DATA PROVIDED section start

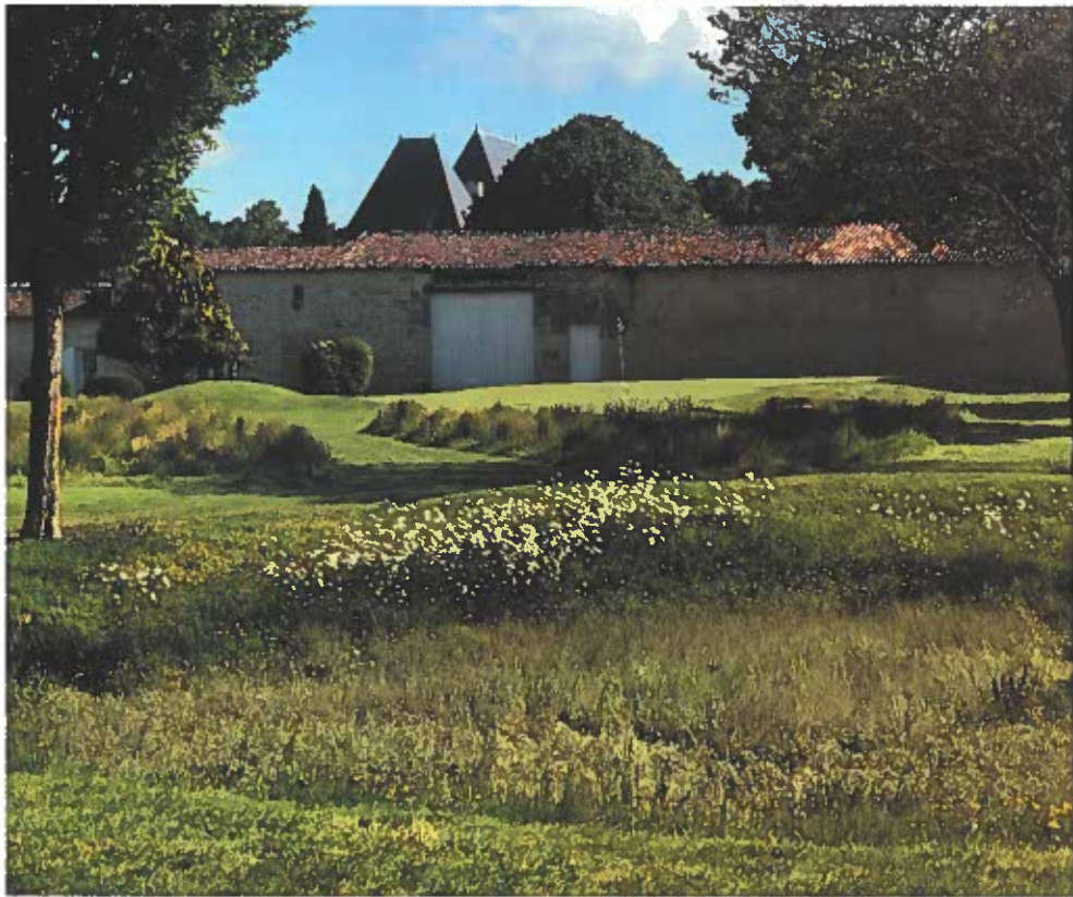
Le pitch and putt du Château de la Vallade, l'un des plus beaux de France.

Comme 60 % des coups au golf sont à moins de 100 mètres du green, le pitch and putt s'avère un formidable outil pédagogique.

DATA PROVIDED section end
DATA PROVIDED section start

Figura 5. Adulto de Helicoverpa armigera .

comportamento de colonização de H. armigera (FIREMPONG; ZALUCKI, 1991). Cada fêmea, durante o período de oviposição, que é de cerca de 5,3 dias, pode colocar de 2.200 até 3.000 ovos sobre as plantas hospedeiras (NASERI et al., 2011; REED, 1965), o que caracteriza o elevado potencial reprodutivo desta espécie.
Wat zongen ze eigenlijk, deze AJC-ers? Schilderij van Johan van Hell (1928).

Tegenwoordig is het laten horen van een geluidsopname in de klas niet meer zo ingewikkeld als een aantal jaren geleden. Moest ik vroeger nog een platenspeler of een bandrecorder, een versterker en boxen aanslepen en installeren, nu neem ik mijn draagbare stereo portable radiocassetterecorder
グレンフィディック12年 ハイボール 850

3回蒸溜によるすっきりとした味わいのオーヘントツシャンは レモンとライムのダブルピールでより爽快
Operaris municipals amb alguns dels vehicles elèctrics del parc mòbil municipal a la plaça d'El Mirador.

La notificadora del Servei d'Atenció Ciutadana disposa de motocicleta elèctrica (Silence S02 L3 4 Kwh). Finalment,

DATA PROVIDED section end

*TASK*
Look back at the entries above. Retype the line with "Le pitch and putt du", the line with "Comme 60 % des", and all lines in between.

*WRITTEN RESPONSE*
Le pitch and putt du Château de la Vallade, l'un des plus beaux de France.

Comme 60 % des coups au golf sont à moins de 100 mètres du green, le pitch and putt s'avère un formidable outil pédagogique.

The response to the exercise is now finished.